The Treasury market is now on its own, without QE, you will have more of these spastic selloffs that extend for much longer than we're used to in a QE world. Plus the fear of being long bonds ahead of forecast Fed rate hikes next year is getting more real, as we get closer to launch off on hikes.
However, I am always very hesitant to be short bonds at anytime, with the drip drip nature of negative carry and my long term view that the US economy will weaken again like the rest of the world.
Stocks are going to feel some of the effects of the higher interest rates, but unless we get a huge bond selloff to 3% on the 10 year, I don't expect that to have much of an effect on stocks. Stocks are in their own world, with money flows coming from fixed income as TINA (there is no alternative) comes into play.

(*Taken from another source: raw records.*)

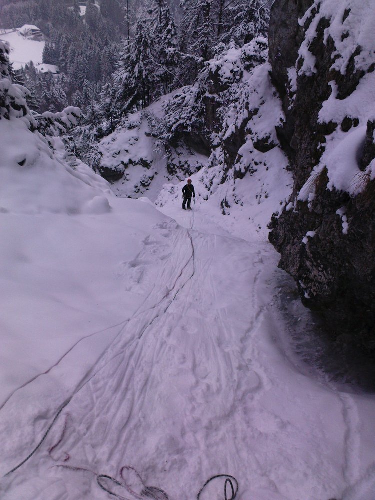 Über den Fall abseilen oder beim Ausstieg nach links queren und über Forstweg absteigen.
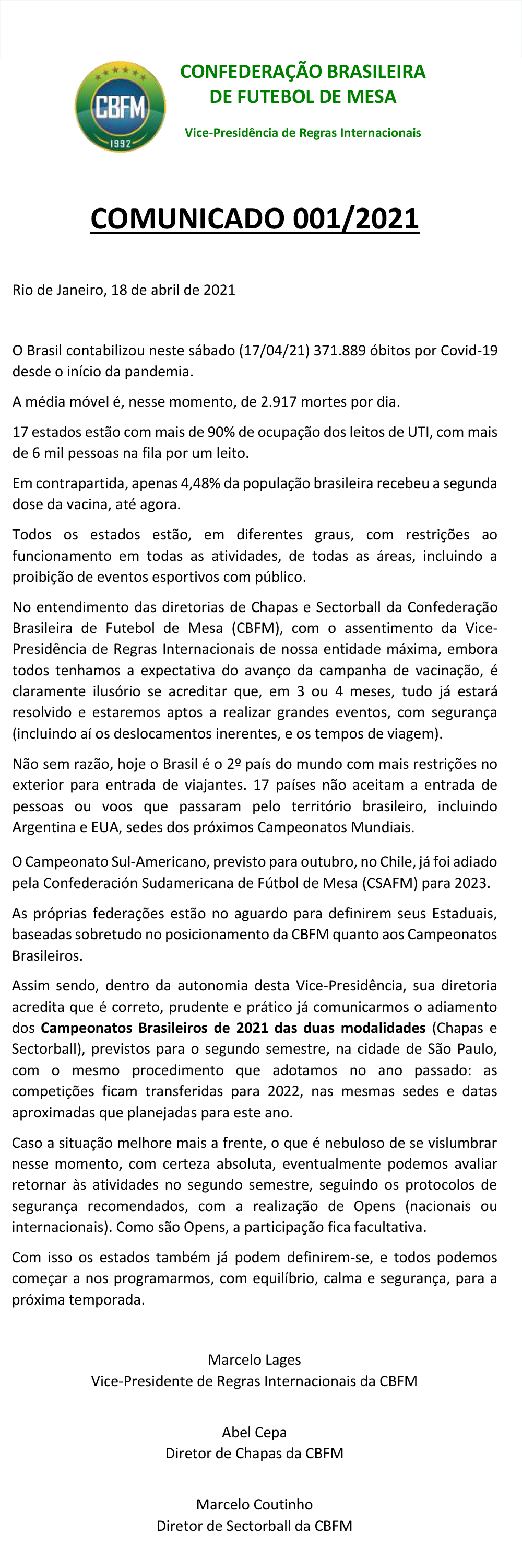Comunicado 001/2021 – CBFM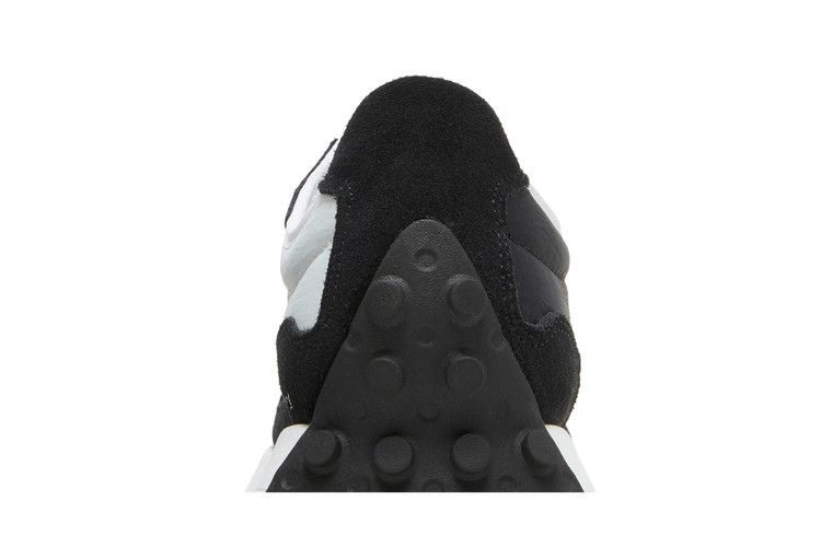 The New Balance 327 'Black' features a must-have colorway of the silhouette inspired by vintage '70s running styles. The sneaker features a black nylon upper with tonal suede overlays and a large white 'N' logo on the lateral side. Lightweight cushioning is provided by an EVA midsole with crisp white sidewalls in a classic wedge shape. Underfoot, a studded rubber outsole, inspired by the New Balance 355, frames the toe and heel.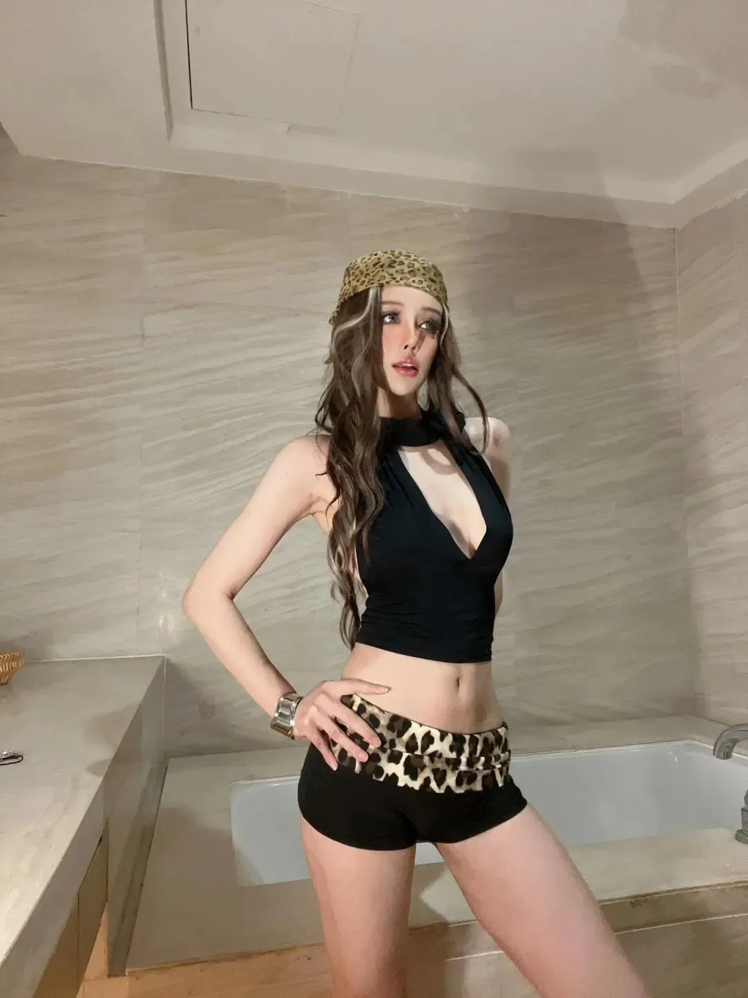 美女写真 豹纹小吊带,性感又迷人!🦁💃!,时尚!!💰??

Plus the bubble aspects of higher prices begetting higher prices are in full motion. The strongest market in the world, the S&P 500, will likely the be last man standing before a new down cycle begins.
Short term, there is a lot of angst about possible change in Fed language at the upcoming FOMC meeting. Don't bet on Yellen feeding the bond bears this time, because last month's job numbers probably have them frozen in their tracks for the time being. But it seems like there will be a change in language in October or December meeting. Still looking to BTFD a bit lower from here. Seems like we'll grind higher once all the dust settles after the FOMC meeting and after the Alibaba IPO.